Prose, chapbook, 40 pages, from Bottlecap Features.
Short Story Quartet begins with a short-short story involving a Kraft Caramels box-top, two young brothers, and a 1950s television show about space travel. Two of the other stories also deal with astronomy—and physics and metaphysics. Since the word “quartet” denotes a musical composition (as well as a number), I have included one story concerning a tubist, his tuba, and a mildly deranged professor of music.
A certain amount of nostalgia is present in Short Story Quartet. I realize that in current popular usage, nostalgia is often accompanied by rolled eyeballs. But nostalgia is a natural human faculty, and if overt sentimentalism is factored out, nostalgia can actually be beneficial to our mental and spiritual health.
I firmly believe in Wordsworth’s notion that “The Child is Father of the Man.”

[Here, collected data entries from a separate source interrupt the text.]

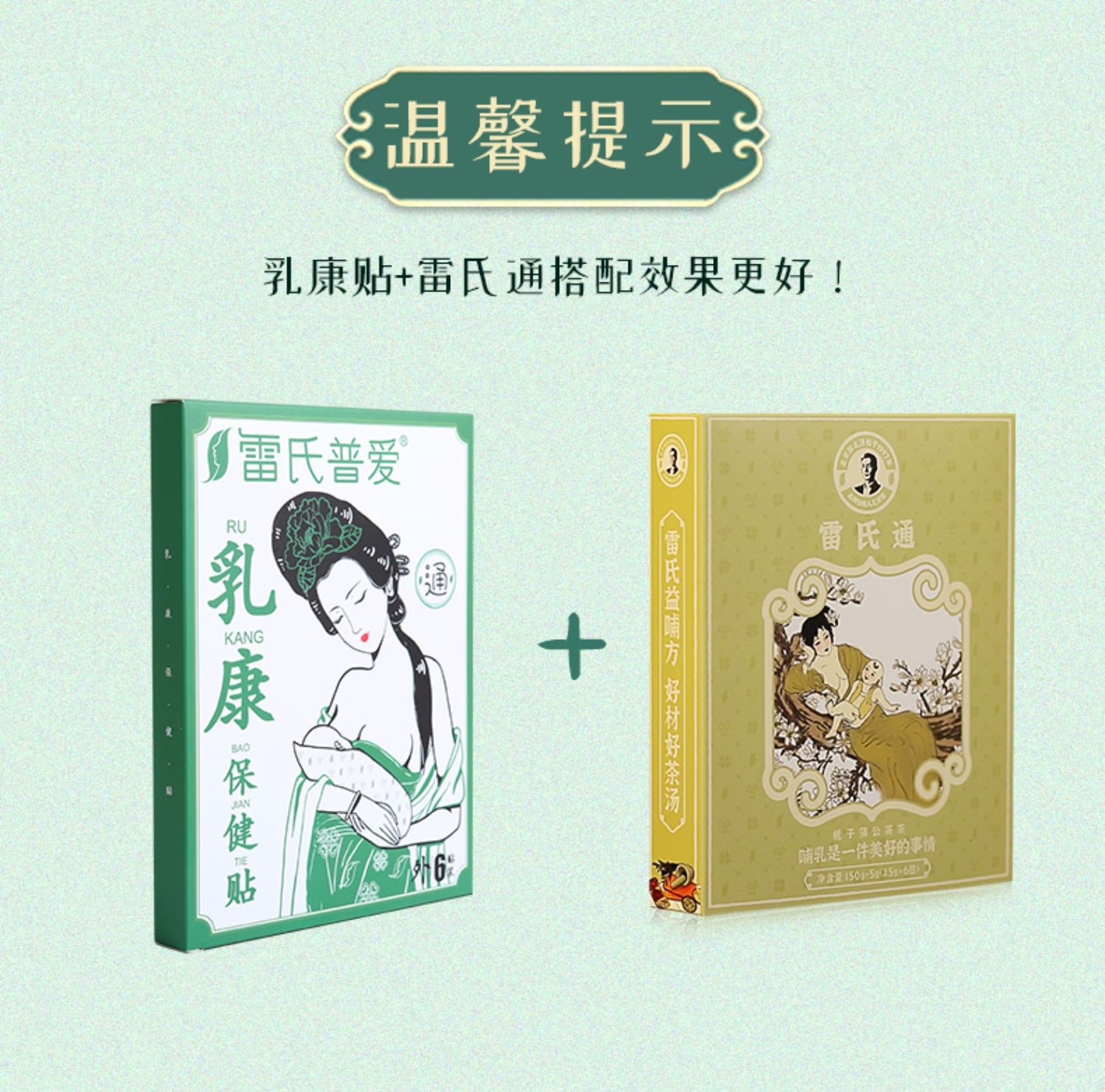 建议三:用雷氏普爱的通乳汤(栀子蒲公英茶)和通乳贴(乳康保健贴)!两种产品搭配效果更好,原材料来自雷氏普爱自有9700亩原生态种植基地,从源头保证产品质量!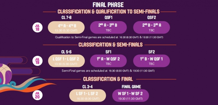 根据女篮亚洲杯的赛制,小组赛结束后,每个小组的小组第一直接晋级半决赛,A组的小组第二和B组的小组第三,以及A组的小组第三和B组的小组第二进行单场决胜,争夺剩下两个半决赛名额。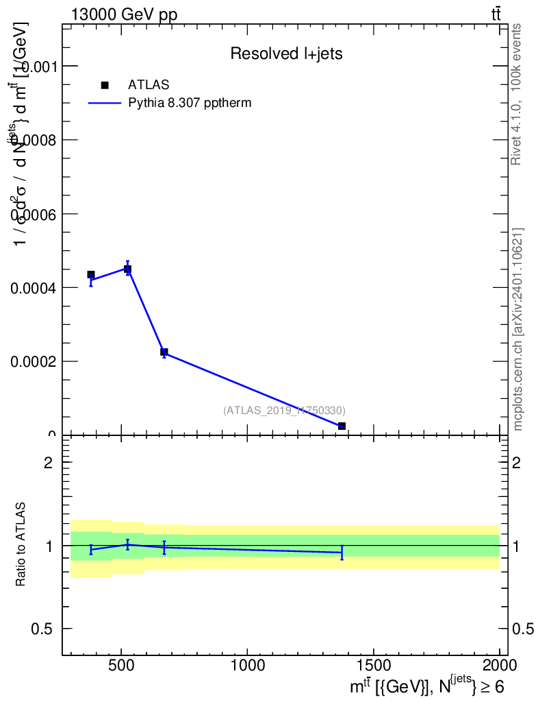 Lines: data, pythia8 8.307 pptherm |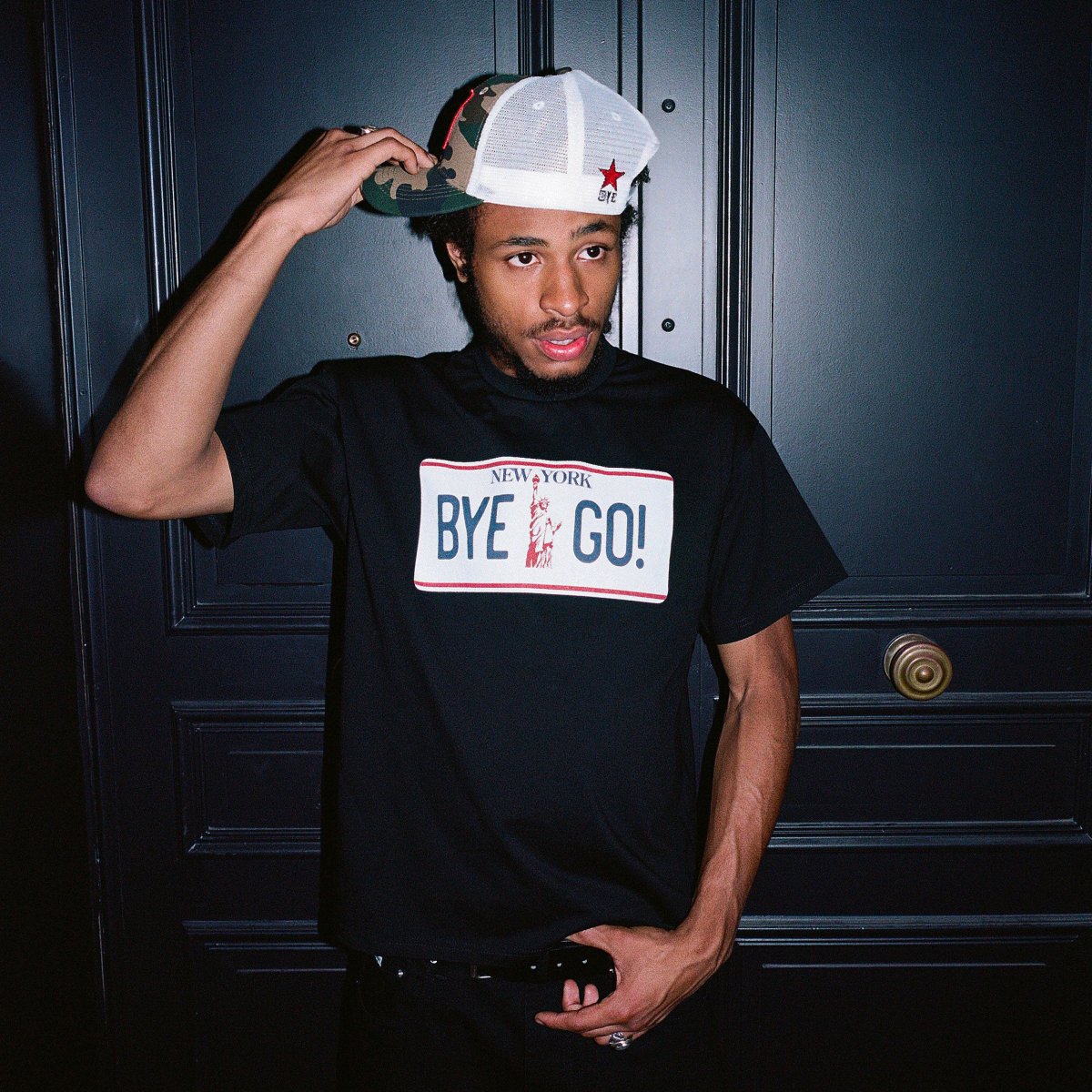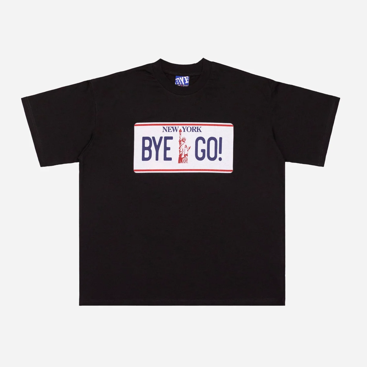 T-shirt Bye Jeremy avec visuel sérigraphié à la main, coupe droite classique, fabriqué aux États-Unis en pur coton.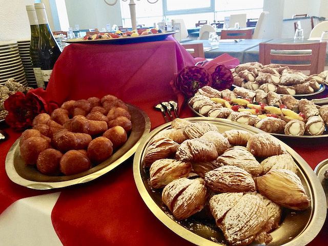 večeře - formou servírovaného bufetu, neomezené množství čepované vody a vína; ostatní nápoje za poplatek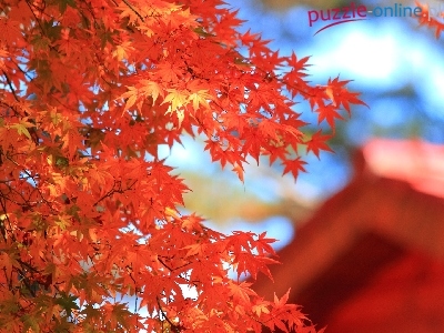 Puzzle Liście, Jesień, Czerwone, Klon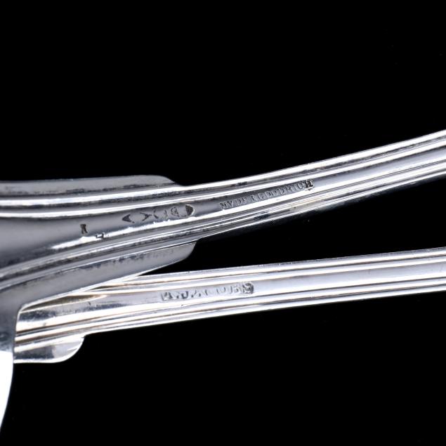 (12) pieces to include, a tablespoon with mark of Thomas Fletcher, Philadelphia, circa 1813-1830, period monogram (9 in.); a waffle server with mark of Samuel T. Crosby, Boston, circ 1850, with engraved blade and stylized monogram (8 1/4 in.); a pair of shell form master salt spoons by J & W. Moir, New York; a knife with engraved blade by Bailey, Kettell & Chapman, Boston; a pair of knives with mark of John and James Cox, New York; a large knife and cheese scroop with mark of Albert Coles, the knife engraved "J. Clement" (11 in.); a shell sugar spoon with mark of Crosby & Brown, Boston, monogrammed; a cream ladle with mark of Abel Jacobs, Philadelphia, circa 1820; and a gravy ladle with rubbed hallmark and retail mark of Hyde & Goodrich, New Orleans.

Timothy Reilly had been a professional tubist (including a stint with the Teatro Regio of Turin, Italy) until around 1980, when a condition called “Embouchure Dystonia” ended his music career. He gratefully retired from substitute teaching in 2014. Three-times nominated for a Pushcart Prize, he has published in Zone 3, The Main Street Rag, Fictive Dream, Superstition Review, and many other journals. He lives in Southern California with his wife, Jo-Anne Cappeluti: a poet and scholar.